Interesse económico e cansaço dos médicos aumentam cesarianas

Estudo da Universidade de Aveiro atribui número elevado de 'partos cirúrgicos' em Portugal à pressão económica e laboral sobre os profissionais de saúde.

"Os interesses económicos do setor da saúde justificam em grande parte o aumento generalizado do número de partos por cesariana realizados nos últimos anos em Portugal", conclui Aida Isabel Tavares, investigadora da Universidade de Aveiro.

No estudo, em parceria com Tânia Rocha e agora conhecido, é afirmado ainda que o argumento económico tem influência no setor privado, mas não no Serviço Nacional de Saúde (SNS).

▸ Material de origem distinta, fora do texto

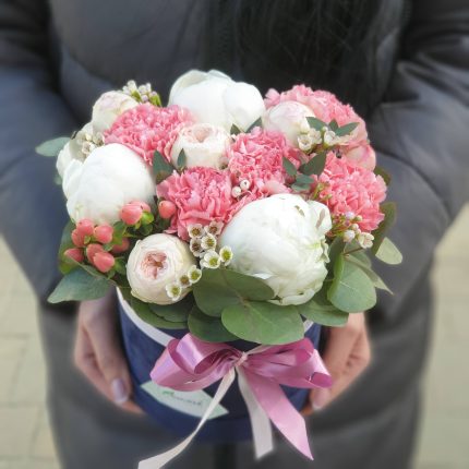 Бархатный цилиндр из голубых диантусов, розовых пионов и ароматной маттиолы

Garantem as autoras - do Departamento de Economia, Gestão e Engenharia Industrial - que nos hospitais públicos o fator indutor de cesariana é "a falta de profissionais suficientes 'para que haja tranquilidade' na hora de decidir".

Por outras palavras: "Perante o cansaço causado por turnos prolongados, e na presença de trabalhos de parto morosos, a decisão pela cesariana tende a ser tomada para evitar a vigília médica durante a madrugada.

"No estudo é referido que entre 1999 e 2009 a OCDE revelou que o número de cesarianas por cada 100 nados-vivos nos hospitais do SNS e nas unidades privadas aumentou 70%. A tendência de crescimento mantém-se e coloca Portugal em patamares acima dos recomendados pela Organização Mundial da Saúde (OMS).

"Em 2010 o país registou uma taxa de cesarianas de 36%, um valor muito acima do recomendado pela OMS, que aponta que a taxa não deve ultrapassar os 15%". As razões para este limite são clínicas: "A saúde de mães e recém-nascidos pode ser afetada pela realização de cesarianas desnecessárias", lê-se também no estudo.